The task
Repeat each record exactly. Any picture gets left out.

-- -- --

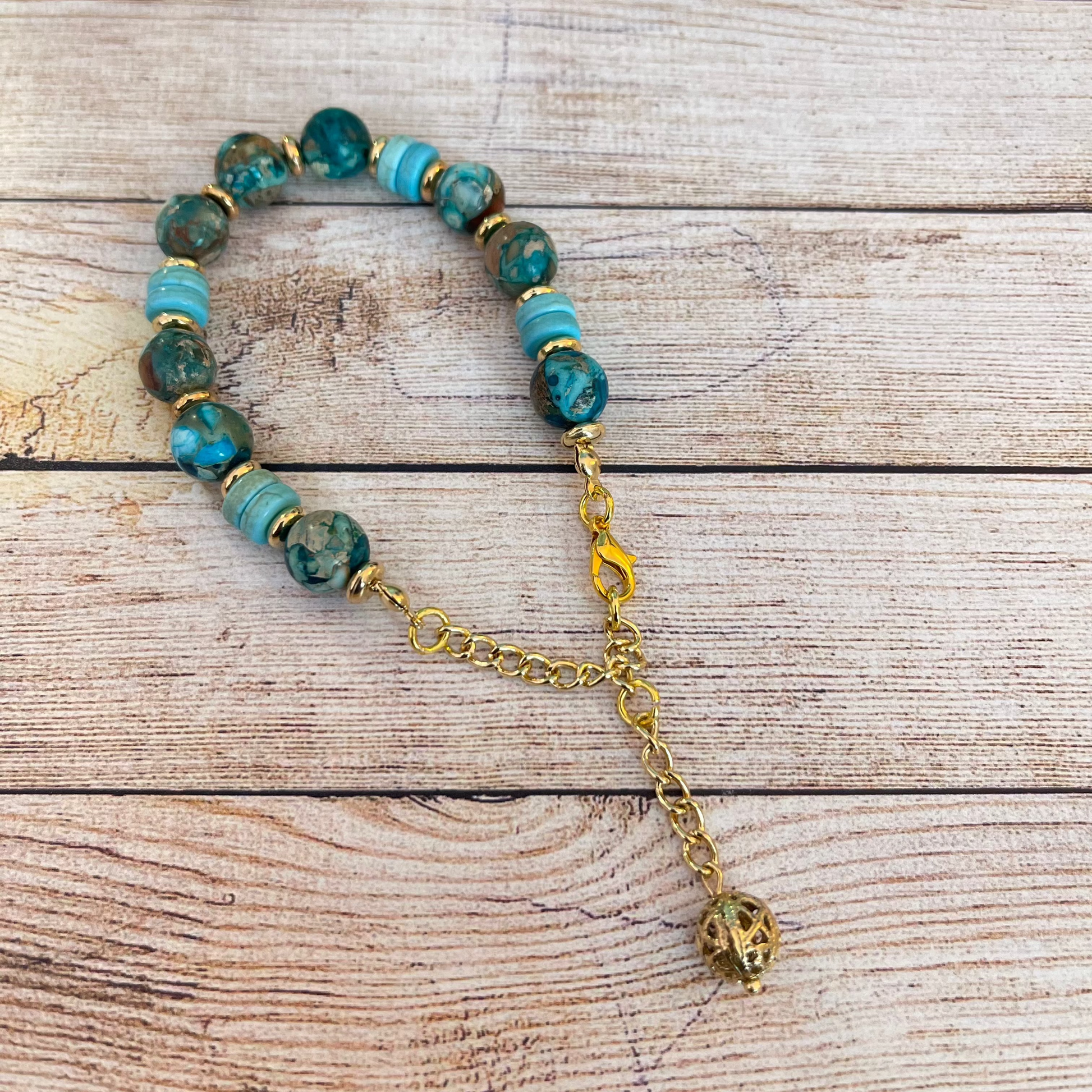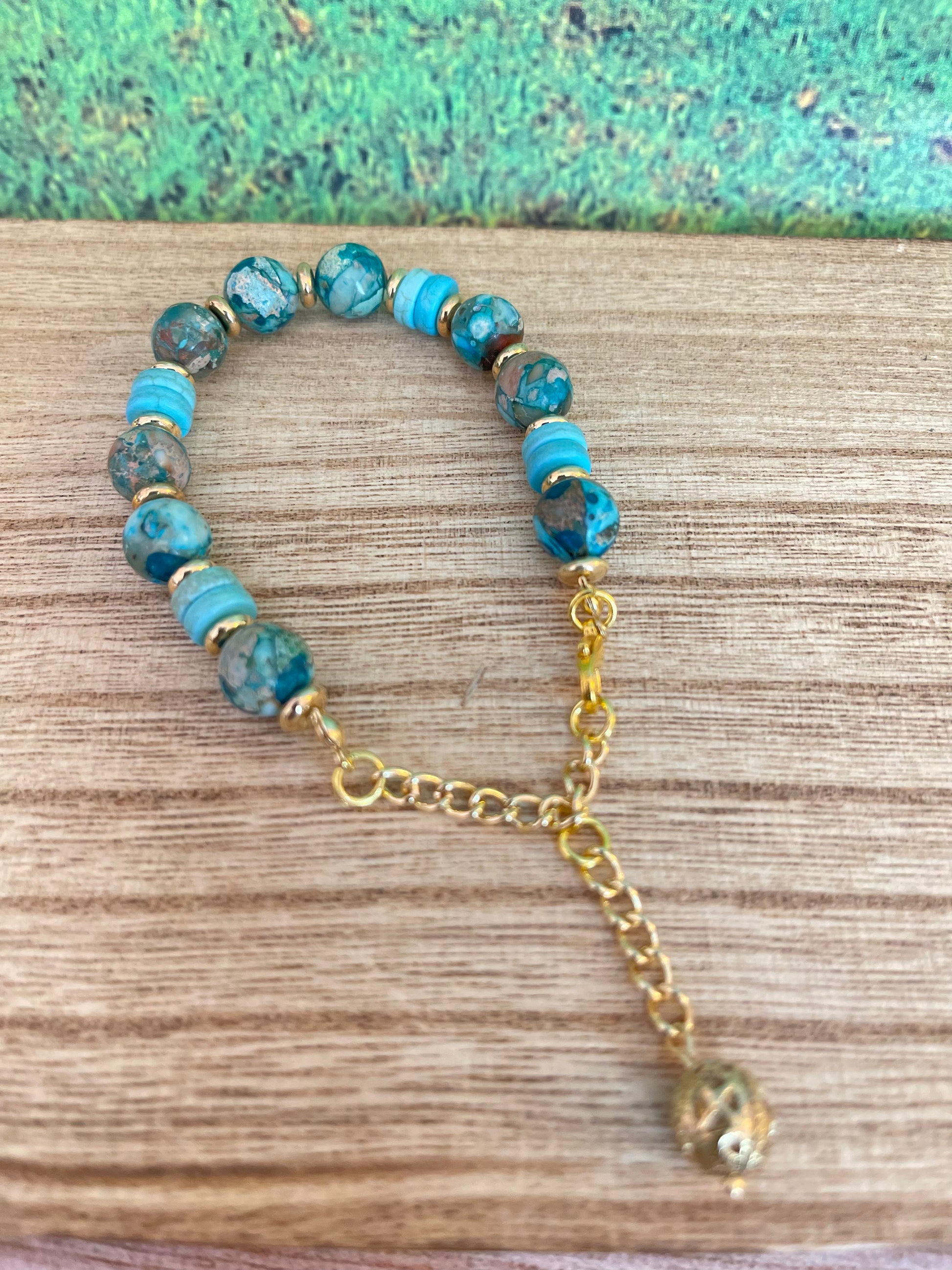 25B-15 - Turquoise and Gold Bracelet with Dangle
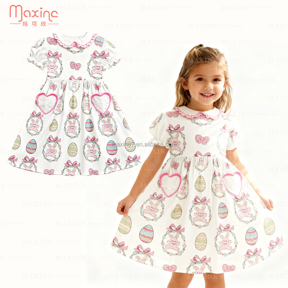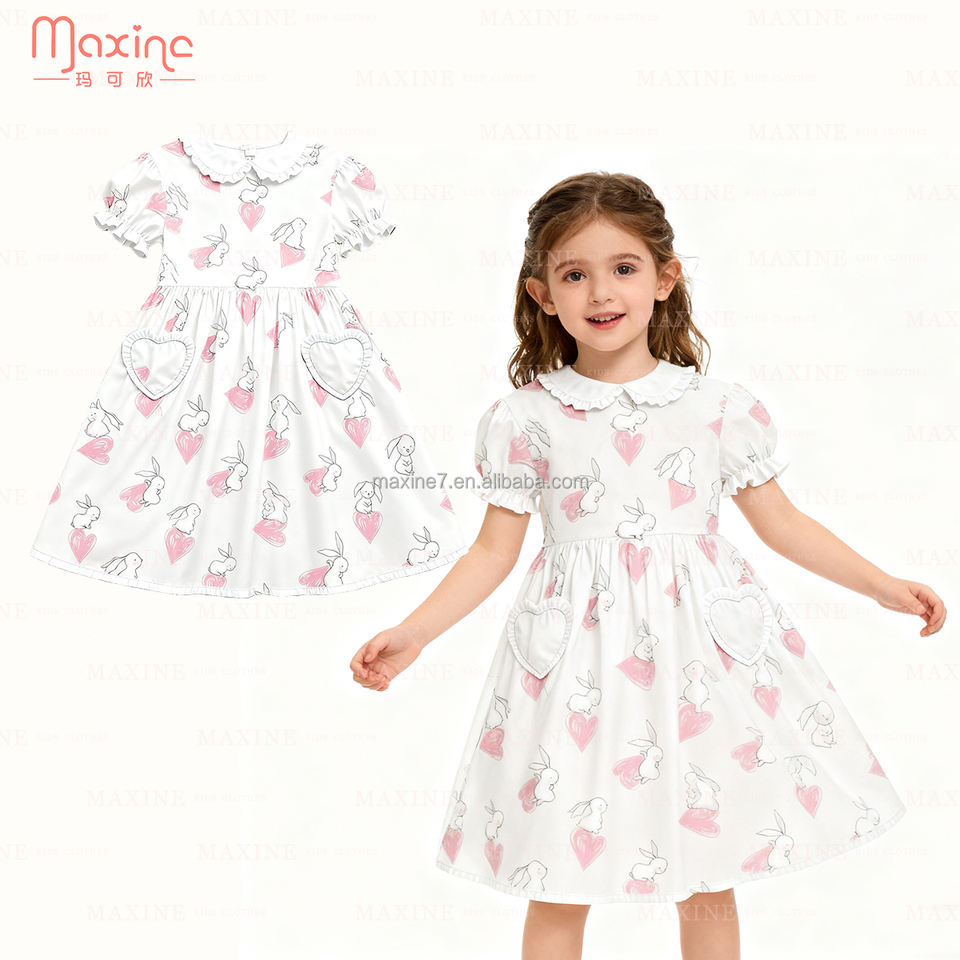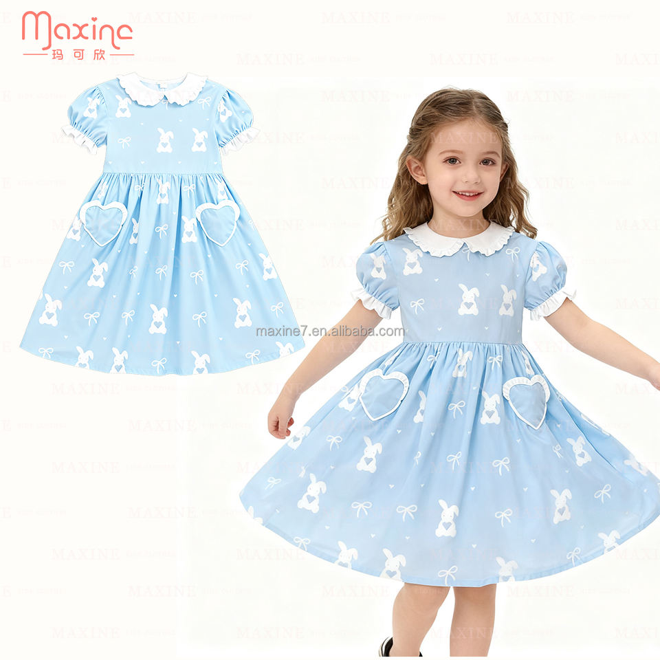 Abito personalizzato stampato da ragazza pasqua con colletto Peter Pan stampa coniglio abbigliamento per ragazze al ginocchio abiti per bambine
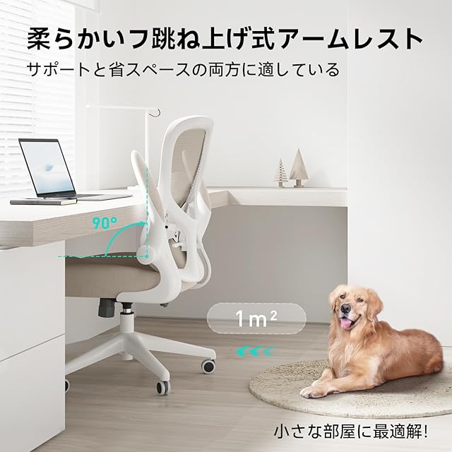【空間配慮・跳ね上げ式アームレスト】 ロータリーアームを採用します。デスクにアームが当たる事なくデスク下に収納する事が可能です。手前に引くだけで簡単に上げ下ろしできます。スッキリ収納でき、省スペース!!
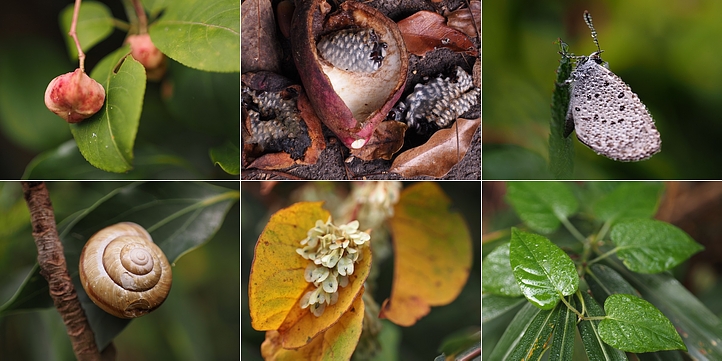 | 2025年11月2日 前回に引き続き知尾方面へ。あい変らずいつもの場所なのだが、少しづつ晩秋らしい賑やかさになってきた。天気は予報と違って薄曇り。海沿いの山道を散歩していると、くたばりかけた往生際の悪いスズメバチが未練がましく路上でもがいている。日陰の草には朝露に濡れた水滴だらけのシジミチョウ。山は少しづつ色づいてきているが、それは生命の終焉の色でもある。冬ももう間近。何だか例年になく短い秋、そして晩秋である。 | ||
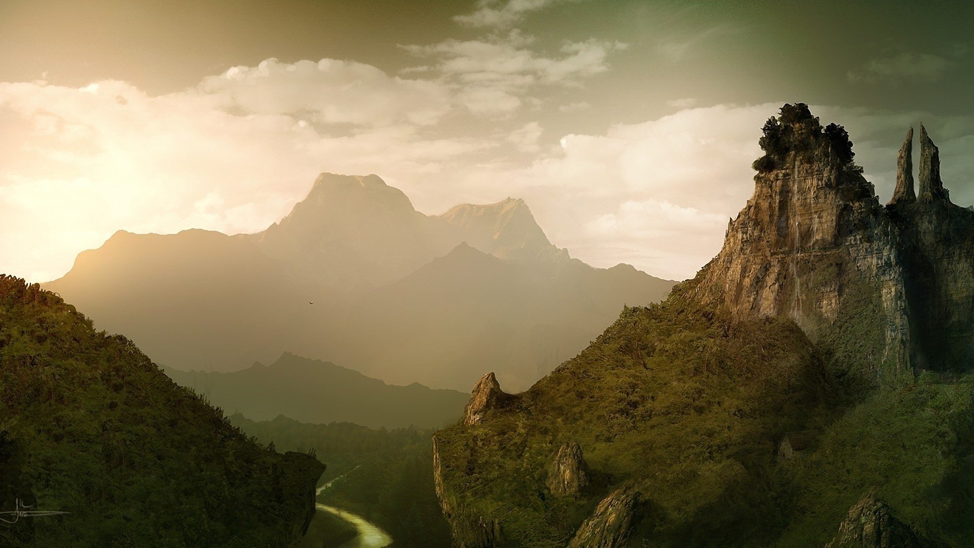 Geheimnisvolle Berge mit einem Fluss, der in der Nähe fließt
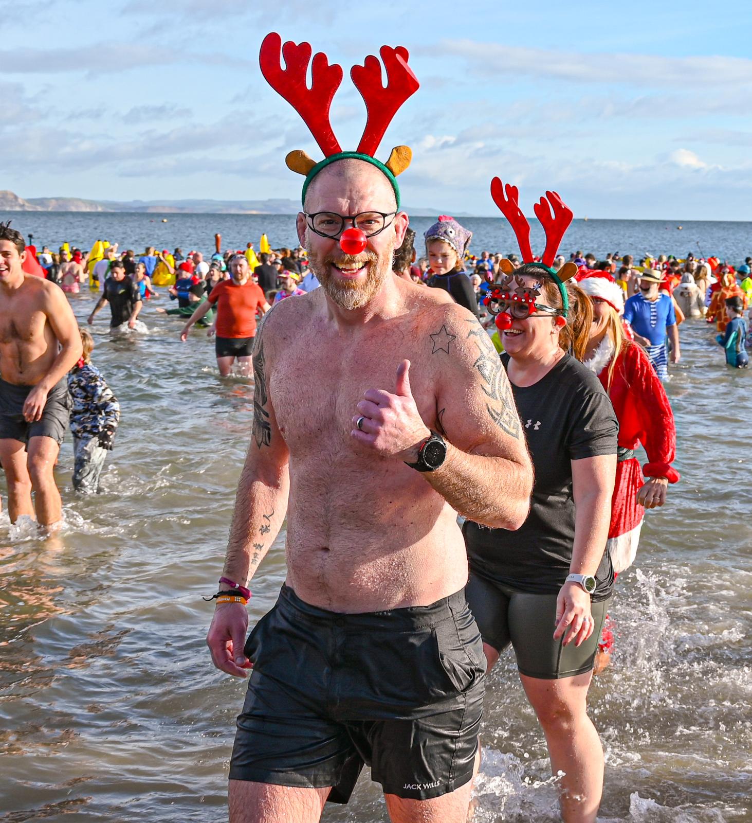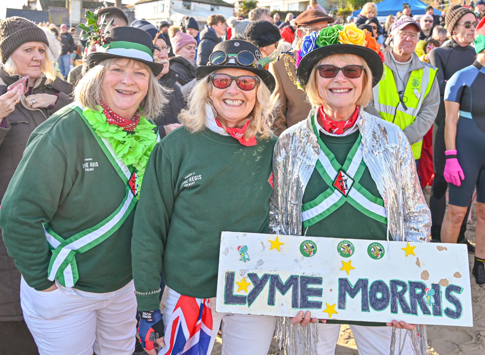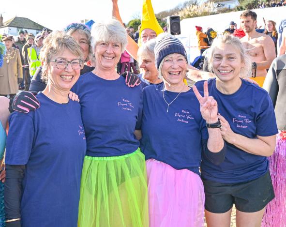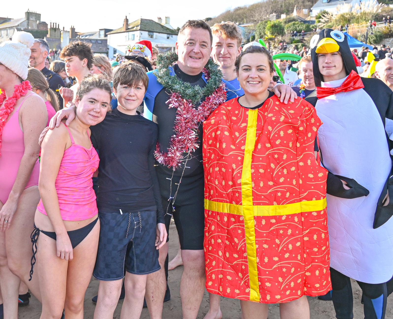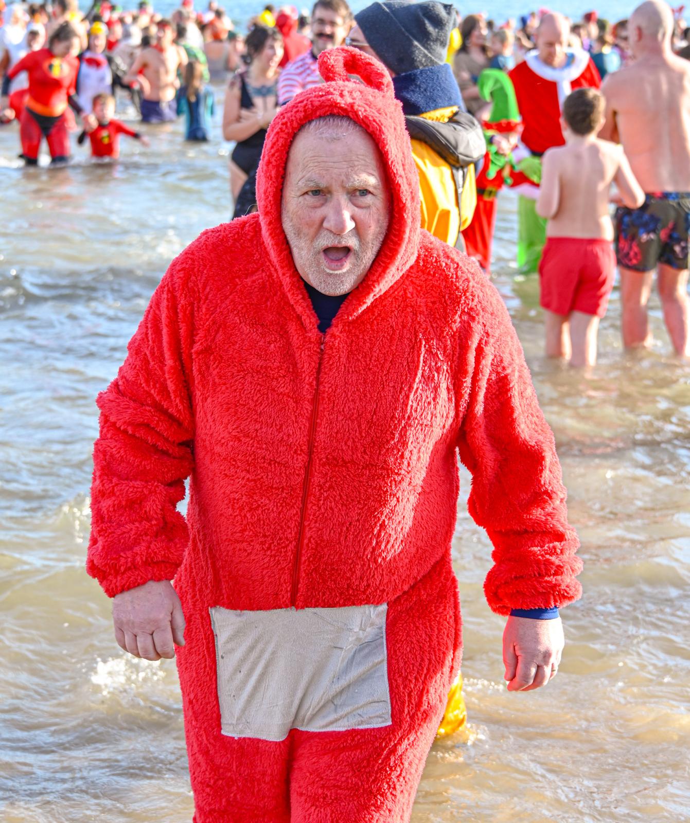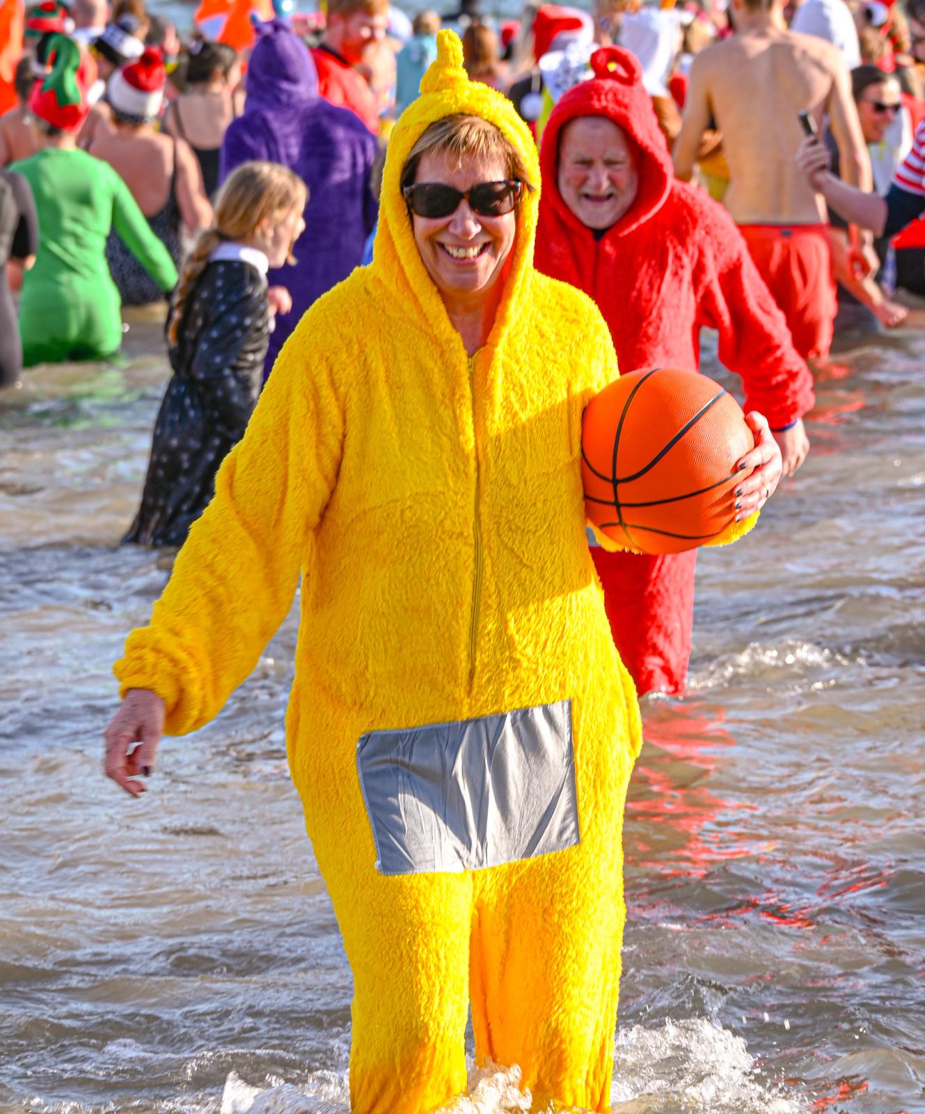 Around 1,500 hardy participants braved the chilly waters for the Lyme Lunge today, the New Year’s Day fancy dress sea dip organised by the Rotary Club of Lyme Regis. Thousands of spectators lined the seafront and filled the gardens to enjoy the colourful spectacle.

-- -- --

Response area
 25B-15 - Turquoise and Gold Bracelet with Dangle
 Abito personalizzato stampato da ragazza pasqua con colletto Peter Pan stampa coniglio abbigliamento per ragazze al ginocchio abiti per bambine
【空間配慮・跳ね上げ式アームレスト】 ロータリーアームを採用します。デスクにアームが当たる事なくデスク下に収納する事が可能です。手前に引くだけで簡単に上げ下ろしできます。スッキリ収納でき、省スペース!!
 | 2025年11月2日 前回に引き続き知尾方面へ。あい変らずいつもの場所なのだが、少しづつ晩秋らしい賑やかさになってきた。天気は予報と違って薄曇り。海沿いの山道を散歩していると、くたばりかけた往生際の悪いスズメバチが未練がましく路上でもがいている。日陰の草には朝露に濡れた水滴だらけのシジミチョウ。山は少しづつ色づいてきているが、それは生命の終焉の色でもある。冬ももう間近。何だか例年になく短い秋、そして晩秋である。 | ||
 Geheimnisvolle Berge mit einem Fluss, der in der Nähe fließt
 Around 1,500 hardy participants braved the chilly waters for the Lyme Lunge today, the New Year’s Day fancy dress sea dip organised by the Rotary Club of Lyme Regis. Thousands of spectators lined the seafront and filled the gardens to enjoy the colourful spectacle.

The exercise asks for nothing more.